745 Boylston Street


AS soon as a letter to the editor arrives at our offices, it is labeled with a gummed yellow rectangle that bears the words "The Mail." During the past few months we have put such rectangles on more than 300 letters pertaining to George McKenna's cover story "On Abortion: A Lincolnian Position" (September, 1995). Letters about that article were published in last month's issue, and more appear in this month's--and the letters continue to arrive. We have received more mail about this article than about any other in years--more even than about Barbara Dafoe Whitehead's "Dan Quayle Was Right" (April, 1993).

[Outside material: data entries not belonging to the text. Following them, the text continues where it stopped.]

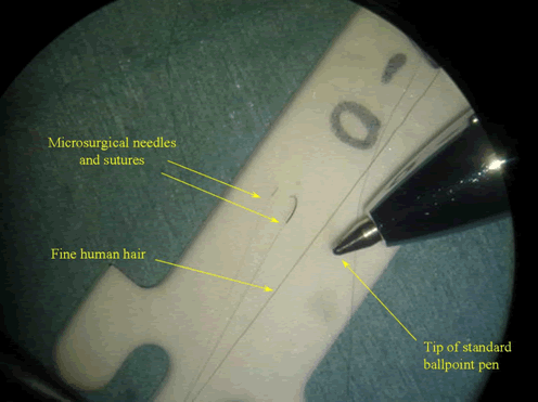 Utilizing magnification up to fifty times that produced by the naked eye and stitches finer than a hair, surgeons are able to repair transected blood vessels and nerves far smaller than the human eye can discern.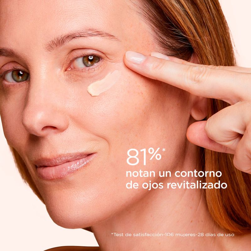Aplicar una pequeña cantidad en el contorno de los ojos, desde el extremo interior hacia el extremo exterior.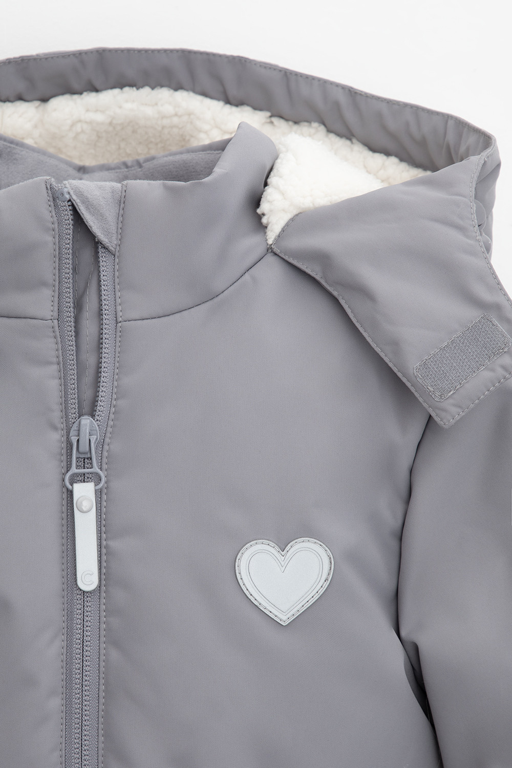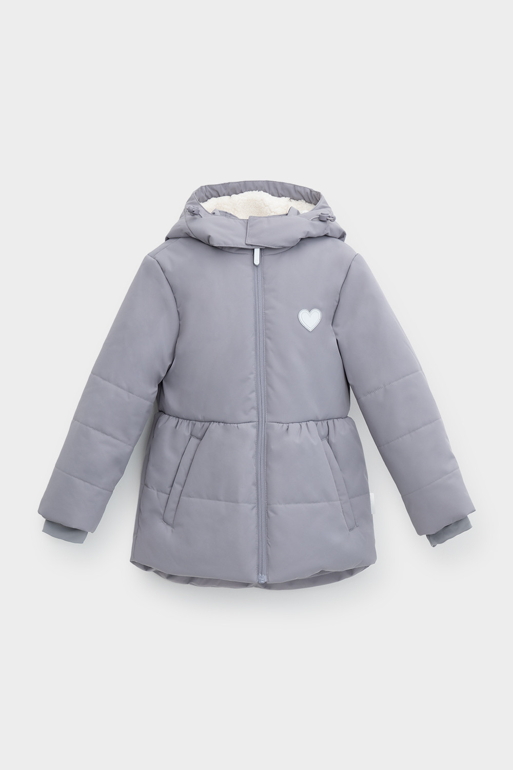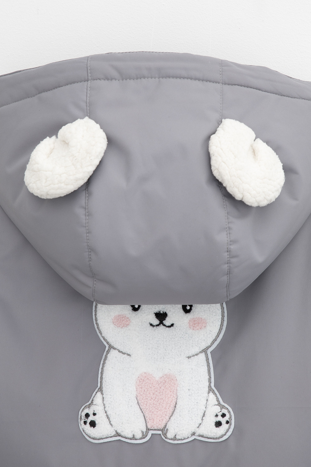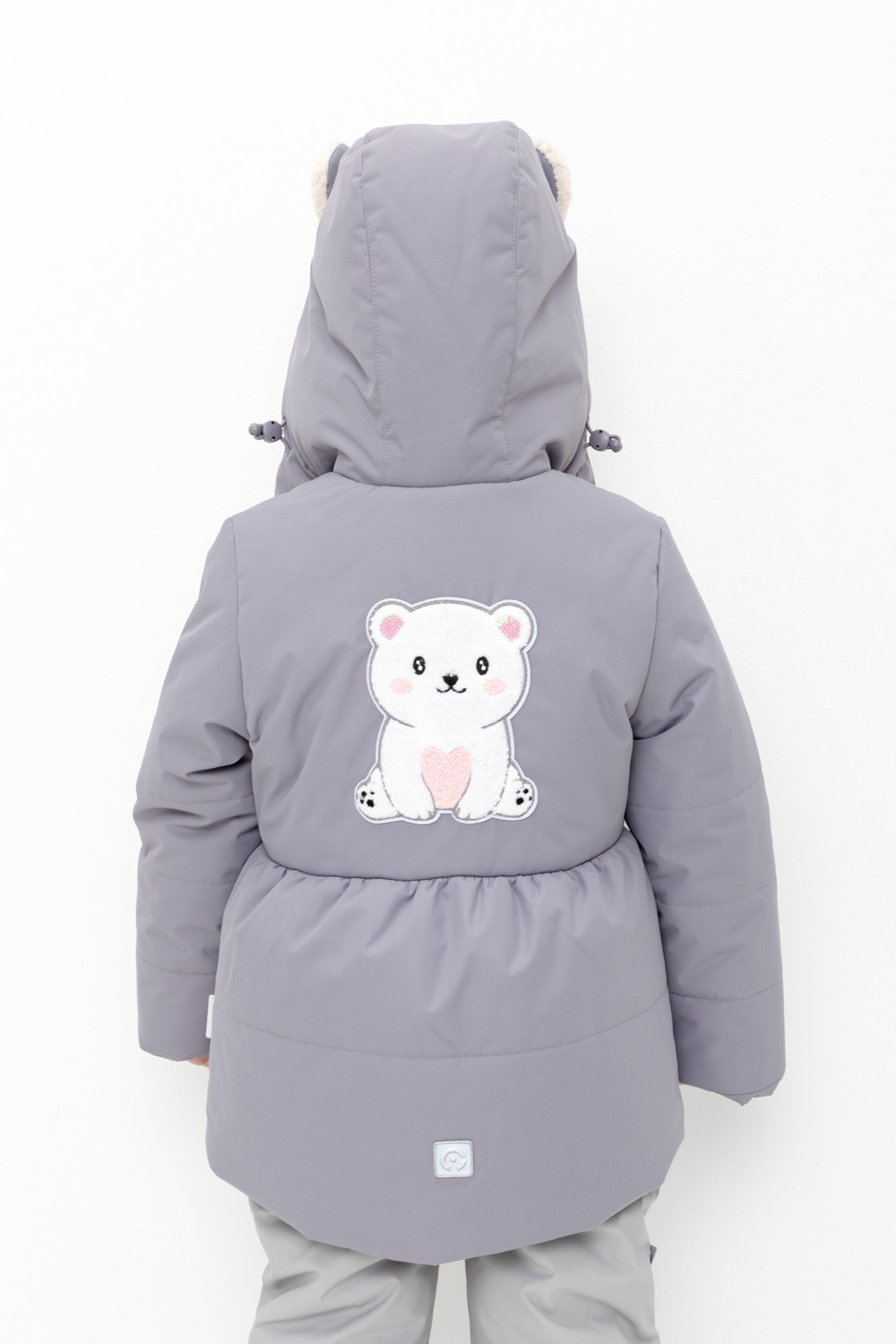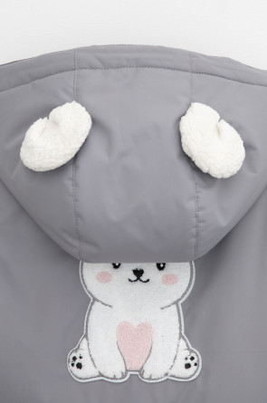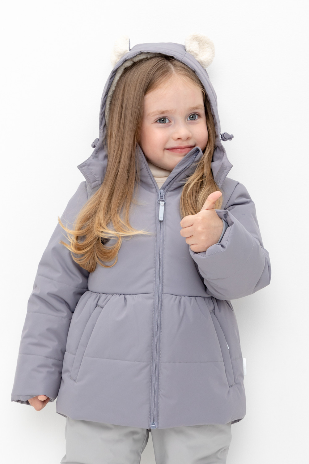 • Несъёмный капюшон с декоративными ушками и подкладом из флиса утягивается с помощью эластичной утяжки со стопперами.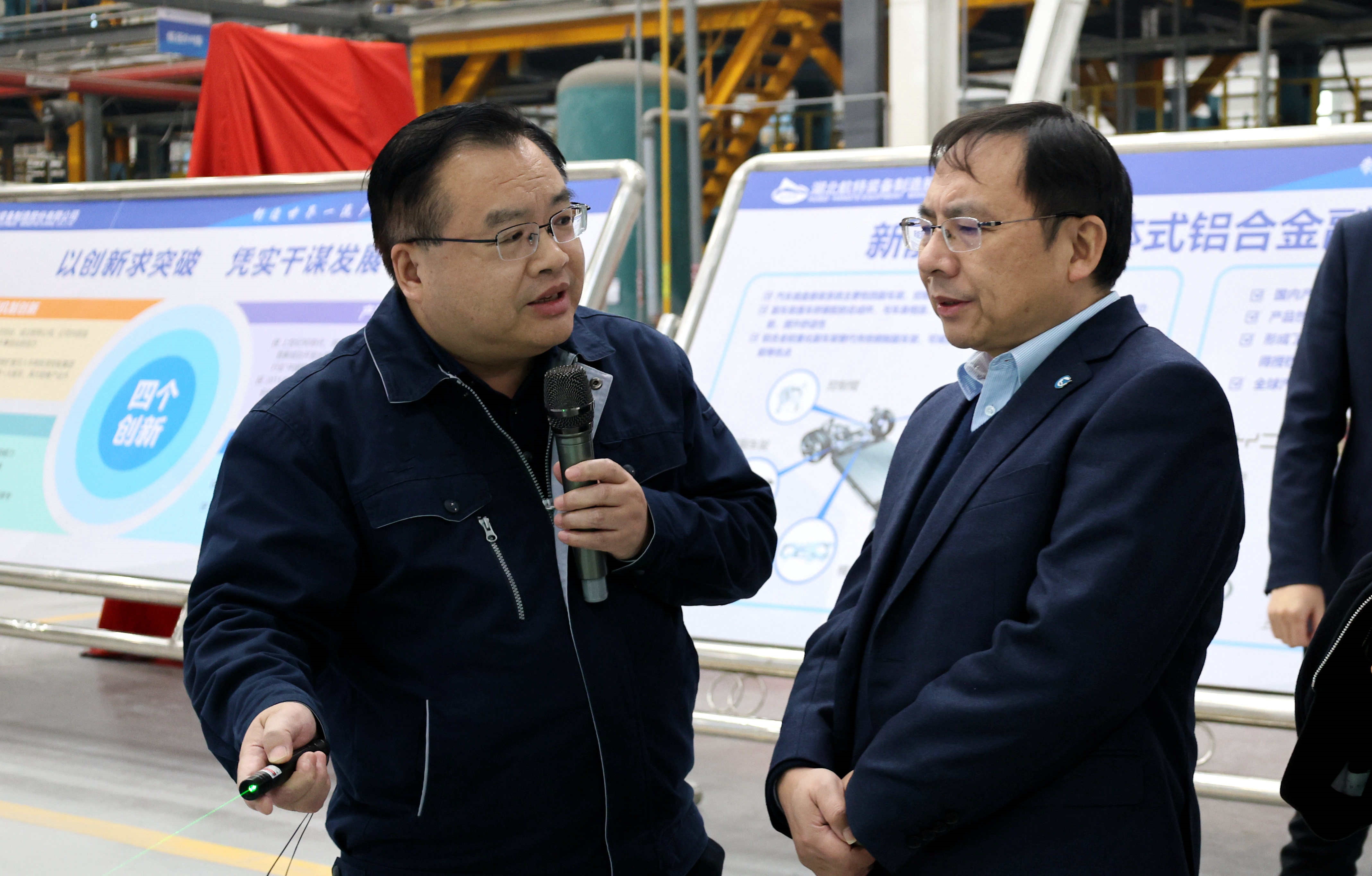 在公司總經(jīng)理陳陽陵,副總經(jīng)理陳云陪同下,李磊一行參觀了公司輕量化底盤生產(chǎn)基地,實(shí)地了解了公司主要產(chǎn)品和客戶市場情況。座談中,陳陽陵向李磊詳細(xì)介紹了航特裝備各產(chǎn)業(yè)板塊發(fā)展情況以及未來發(fā)展規(guī)劃。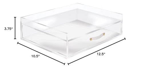 Pass up the ordinary for an aesthetically satisfying 12.5” x 10.5” x 3.75” acrylic inbox and drawer combination that brings inspiration and beauty to your desk. With a thin, side-loading paper tray on top of an elegant storage drawer, this organizing solution demands attention by shifting the focus away from itself and toward your work. Durably constructed from hard cast acrylic with finely polished edges and gold toned hardware. Simply perfect on its own, this document tray and drawer integrates with the other pieces in our Stackable Bloc collection, including our acrylic inbox, valet + collator, and the acrylic pencil bloc. The world of lies at the intersection of color, function and light-heartedness. We have an instantly recognizable style language, developed through colors and patterns that capture the essence of who we are and what we stand for. Our philosophy is that good design is not over-design or design for design’s sake, rather pleasing design with loads of functionality. While fresh in spirit, the products represent a constant and complete dedication to quality. Keep your inbox tidy and organized; our 12.5” x 10.5” x 3.75” side load letter tray with integrated drawer in clear acrylic gives clutter nowhere to hide, inspiring you to stay on top of the workflow Fresh and inspiring design; fashion and function converge in a distinctive yet unassuming design that will elevate your workspace at home or in the office A modest presence on your desk; the low profile and neat footprint helps keep your desktop orderly and approachable Where style meets substance; crisp modern design realized with flawless, polished edge construction and gold toned hardware. Rubber Handle Expanding to meet your needs; enjoy the simplicity of an inbox and drawer, or use in conjunction with our Stackable Bloc line of acrylic desk accessories

How to characterize the response to McKenna? The best way to assess it, of course, is simply to read the letters column. Whether agreeing fiercely or disagreeing fiercely with McKenna's position--which argued for a tough national anti-abortion strategy that nonetheless leaves intact a woman's legal right to have an abortion--the letter writers by and large offer arguments that reflect careful thought and in many cases passionate commitment. Anger and protest have typically been channeled into vigorous prose. We have read with interest all the letters we received on the McKenna article. We wish we could publish more of them.

And then there were the letters that said, essentially, "Cancel my subscription." We receive a few of these every month, objecting to one article or another, and they always prompt a sigh. The sigh is not because of the loss of income, though we regret losing a subscriber. It is rather because such letters reflect a misunderstanding of The Atlantic Monthly's very purpose.

Ours is not an ideological magazine, like or The Nation--the sort of magazine that might justifiably be punished for "heresy" by an act of defection. We are an invitational forum, not the pulpit of an established church. Only on rare occasions has this magazine published unsigned editorials meant to put forward an institutional point of view--for to do so with any regularity would imply that everything else in the magazine was selected to advance some broader, though perhaps hidden, agenda. Indeed, one essential point of this enterprise from the outset has been to provide a place where diverse perspectives on matters of national importance--perspectives grounded in logic and facts as opposed to emotional rhetoric, and expressed reasonably and tastefully--can get a full public hearing. The founding editors wrote in the first issue of the magazine that The Atlantic would be the organ "of no party or clique." We are strict constructionists with regard to this clause of our constitution.

For the record, we do of course cancel subscriptions when so requested. We also welcome anyone back. --THE EDITORS

The Atlantic Monthly; January 1996; 745 Boylston Street; Volume 277, No. 1; page 6.